(Collected data entries)
[Start of section]

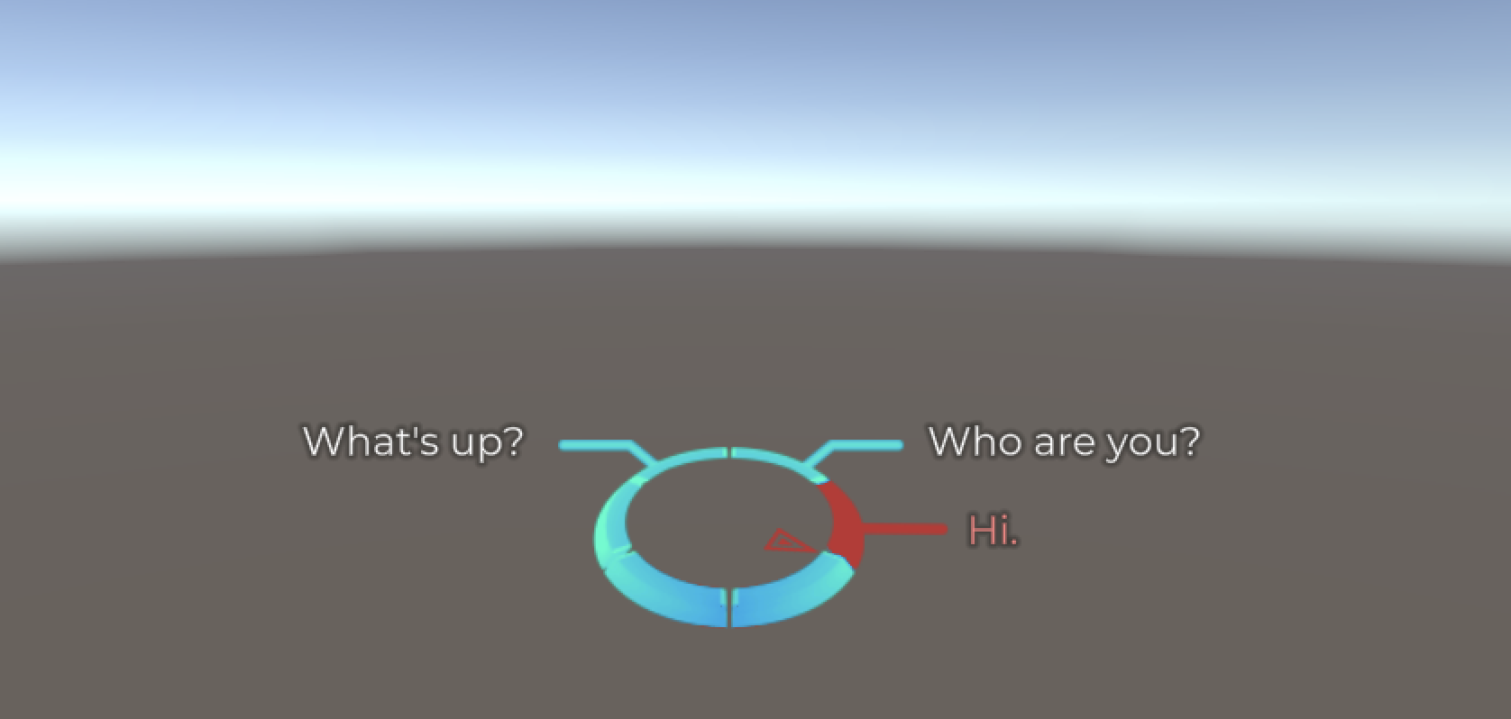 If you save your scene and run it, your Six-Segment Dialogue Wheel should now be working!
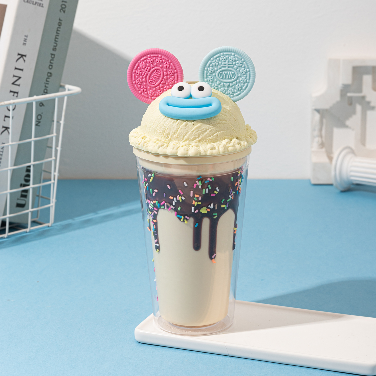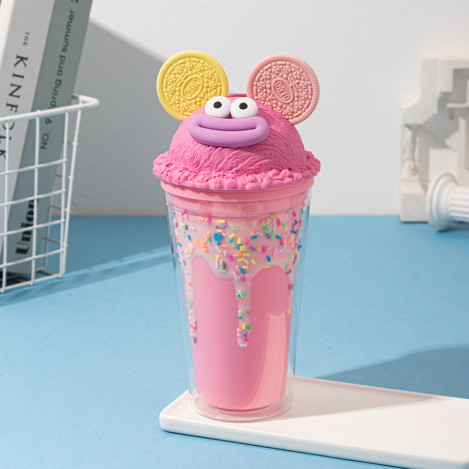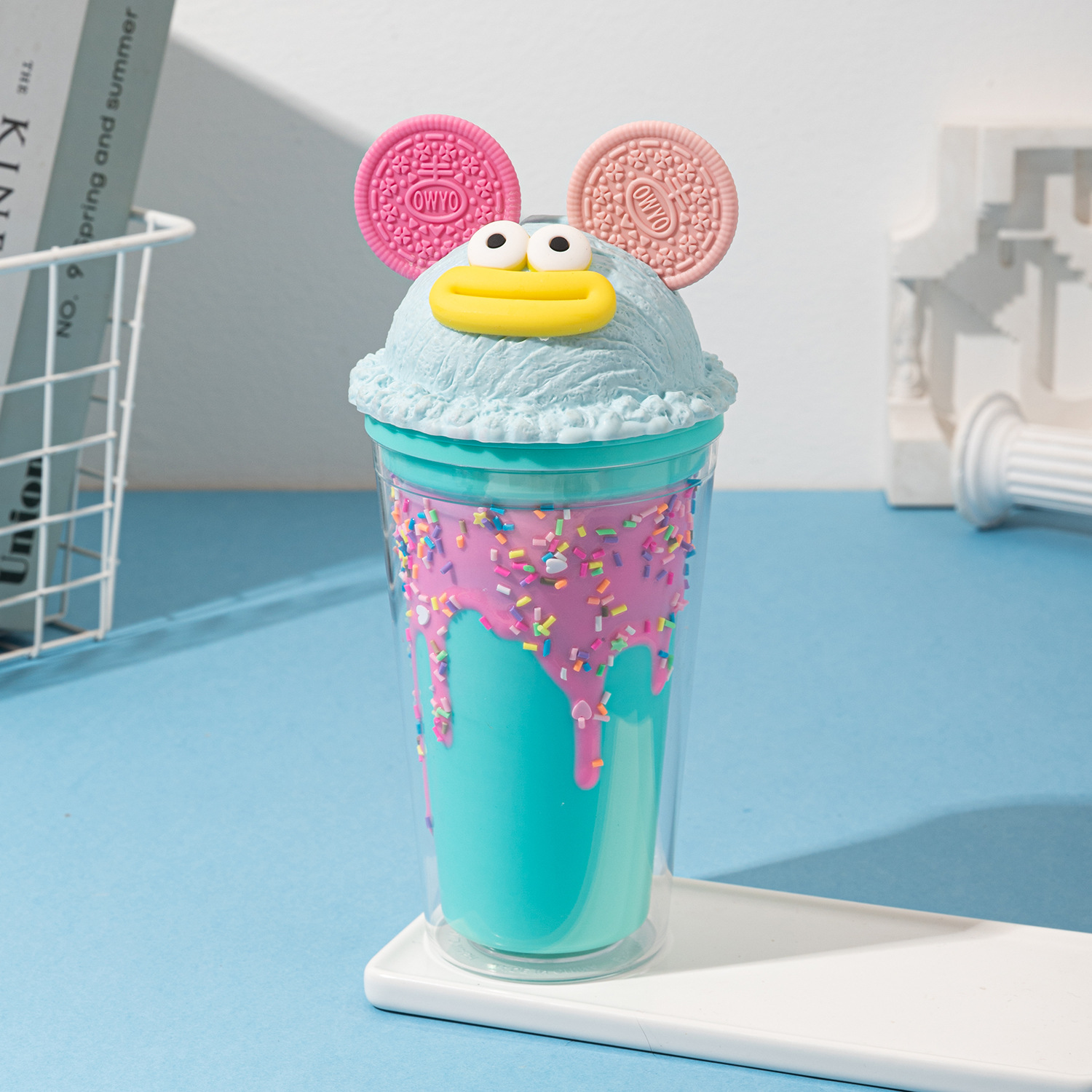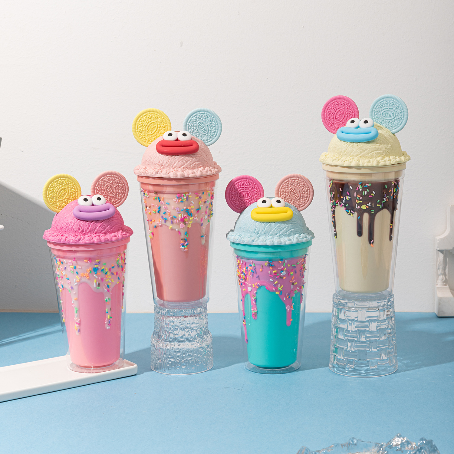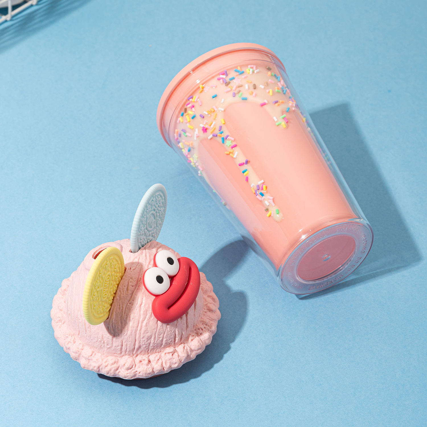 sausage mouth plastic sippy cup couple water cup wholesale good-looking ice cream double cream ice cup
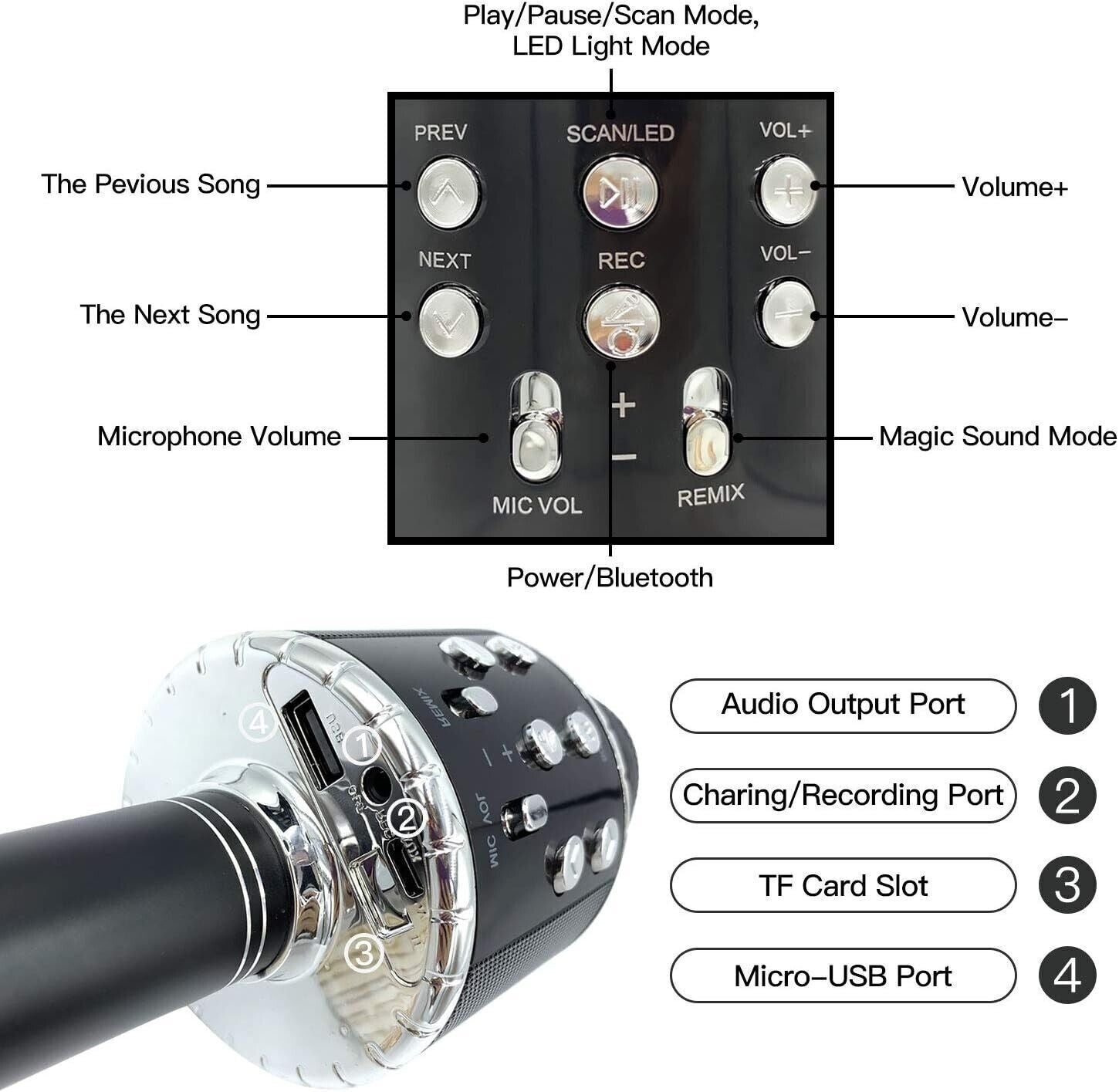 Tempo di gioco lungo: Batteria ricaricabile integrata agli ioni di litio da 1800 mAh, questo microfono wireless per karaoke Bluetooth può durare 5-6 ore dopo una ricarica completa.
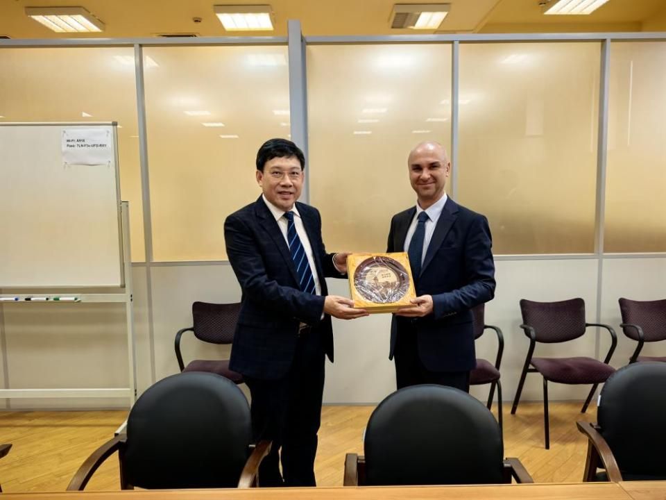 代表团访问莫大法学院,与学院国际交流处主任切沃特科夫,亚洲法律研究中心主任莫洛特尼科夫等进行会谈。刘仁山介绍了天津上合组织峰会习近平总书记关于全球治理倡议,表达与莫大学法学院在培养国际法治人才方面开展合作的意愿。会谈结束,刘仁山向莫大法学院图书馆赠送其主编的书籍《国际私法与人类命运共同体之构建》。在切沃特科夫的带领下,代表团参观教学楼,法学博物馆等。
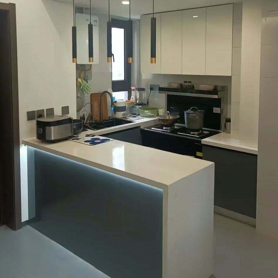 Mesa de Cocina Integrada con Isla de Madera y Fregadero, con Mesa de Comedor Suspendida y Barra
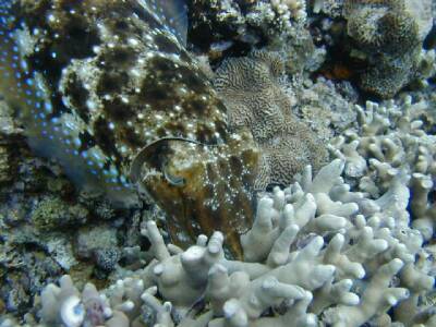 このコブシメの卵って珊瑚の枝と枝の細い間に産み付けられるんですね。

[End of section]

## What needs to be done:
Working down from the line with "代表团访问莫大法学院,与学院", copy each line exactly until the last line of the entries, which is also included. Omit the pictures.

## Written response:
 代表团访问莫大法学院,与学院国际交流处主任切沃特科夫,亚洲法律研究中心主任莫洛特尼科夫等进行会谈。刘仁山介绍了天津上合组织峰会习近平总书记关于全球治理倡议,表达与莫大学法学院在培养国际法治人才方面开展合作的意愿。会谈结束,刘仁山向莫大法学院图书馆赠送其主编的书籍《国际私法与人类命运共同体之构建》。在切沃特科夫的带领下,代表团参观教学楼,法学博物馆等。
 Mesa de Cocina Integrada con Isla de Madera y Fregadero, con Mesa de Comedor Suspendida y Barra
 このコブシメの卵って珊瑚の枝と枝の細い間に産み付けられるんですね。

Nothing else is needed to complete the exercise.